O Brasil é um país violento. A triste e conhecida afirmação foi uma vez mais confirmada pelo Anuário Brasileiro de Segurança Pública 2023, na 17ª edição do levantamento. A publicação, produzida pelo Fórum Brasileiro de Segurança Pública, traça o mapa da violência durante o ano de 2022, organizado por tipo de crime e agressão aos direitos humanos e regiões do Brasil.
No ano passado, foram registradas 47.508 mortes violentas no país. O número vem diminuindo desde 2018 e é o menor em 12 anos, mas o ritmo de queda nos casos desacelerou: entre 2020 e 2021, a redução foi de 4%, e entre 2021 e 2022, de 2,4%. A contagem inclui homicídios dolosos, latrocínios, lesão corporal seguida de morte e mortes decorrente de intervenção policial. Esse patamar é alarmante, pois, segundo a Organização das Nações Unidas (ONU), em estudo de 2020, com 2,7% da população global, o país tem cerca de um quinto dos homicídios no mundo.
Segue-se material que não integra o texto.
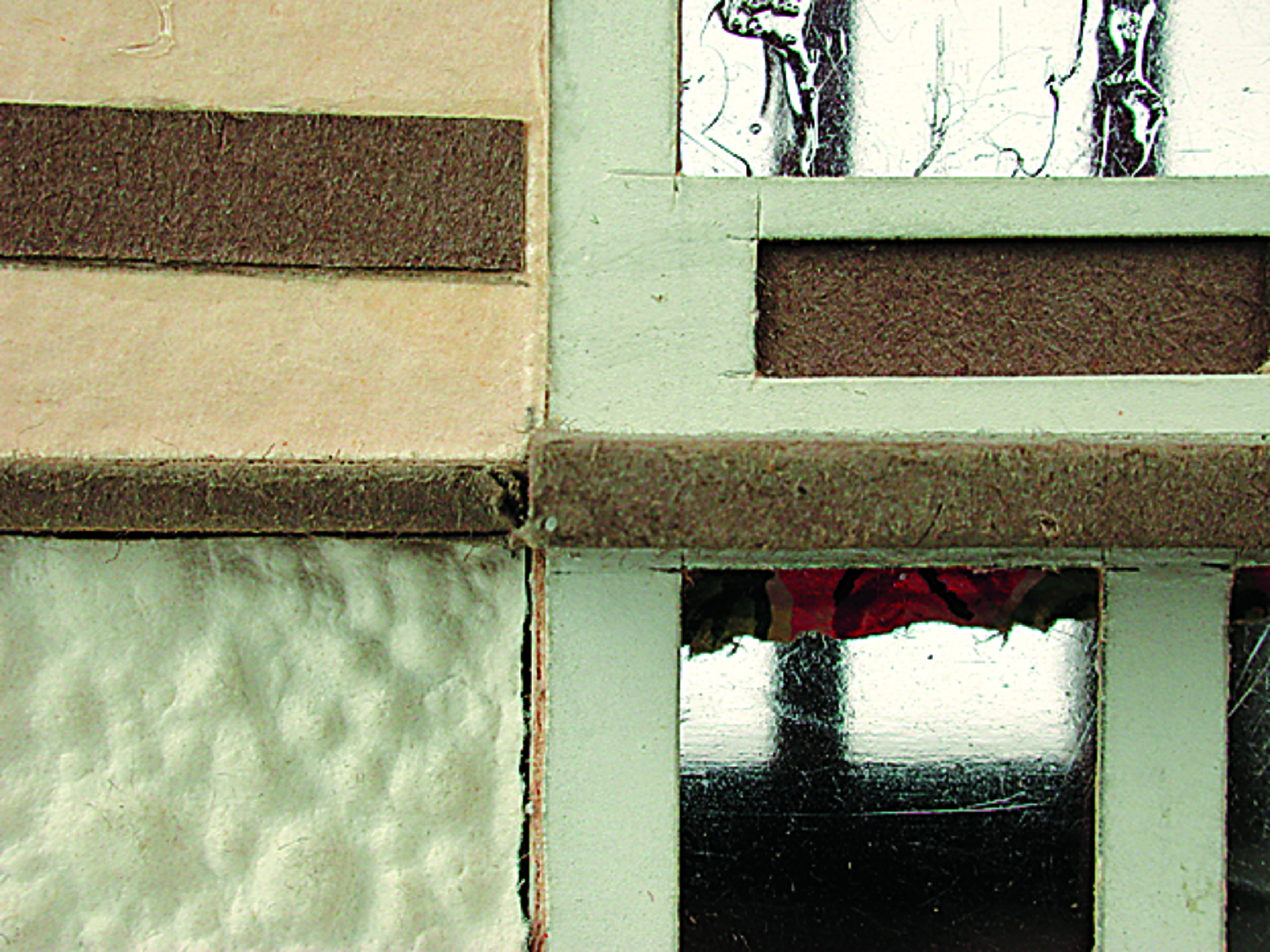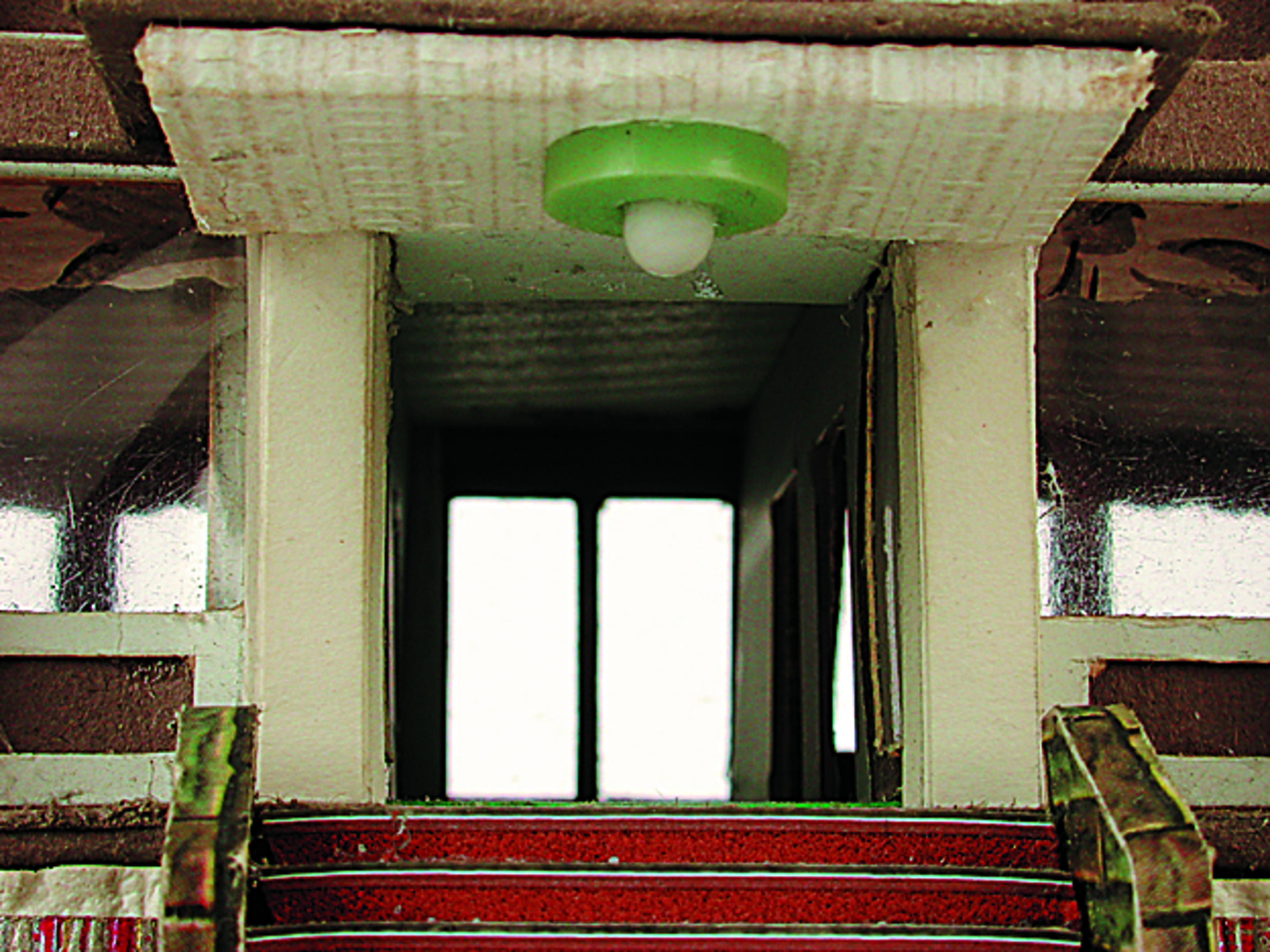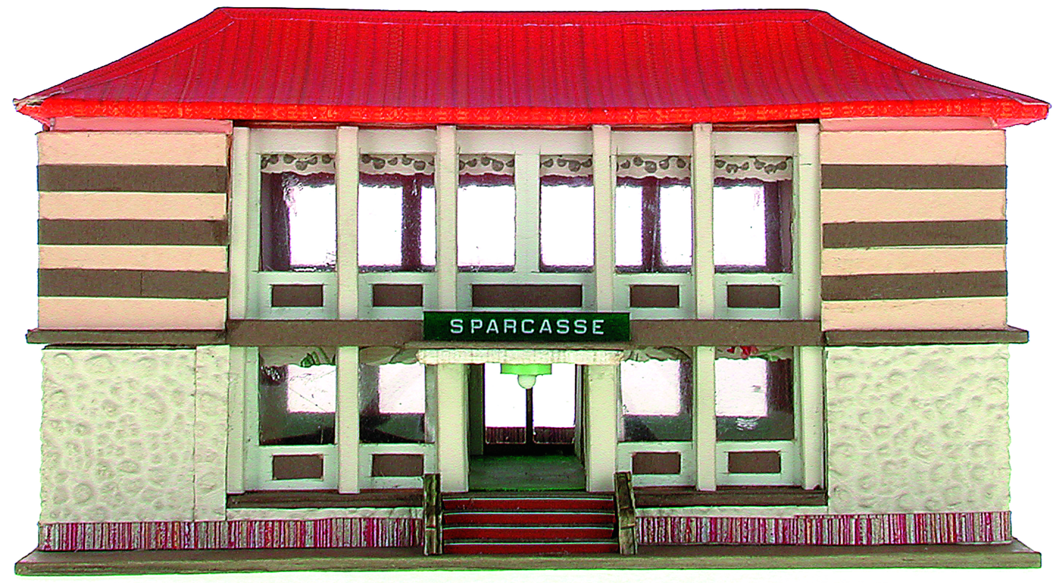 Anmerkung der Redaktion: Nicht von jedem Haus sind alle einzelnen verwendeten Materialien dokumentiert. Tatsächlich verbaute der Bastler auch Zigarettenschachteln, Spinnenpapier, Pappmaschee, Tapetenreste, Bunt- und Silberpapiere, Stoffe, Synthetikfasern, d-c-fix-Folien, Schriftproben, Zeitungsschnipsel und ausgewertete Illustrierte, Kartonagen, Holzabfälle aller Art, Uhu, Holzleim und Tapetenkleister.

Entre as vítimas, 91,4% eram do sexo masculino, 76,9% eram pessoas negras e 50,2% tinham entre 12 e 29 anos. Em 76,5% do total, esses crimes extremos foram cometidos com arma de fogo, e por isso um dos grandes questionamentos feitos pelo Anuário é sobre a facilitação do acesso às armas letais durante o governo de Jair Bolsonaro (PL). Em 2022, havia 783,3 mil pessoas registradas como colecionadores de armas, atiradores desportivos e caçadores, conhecidos como CACs (número sete vezes maior do que em 2018) e foram vendidas 420,5 milhões de munições (alta de 147% em relação a 2017).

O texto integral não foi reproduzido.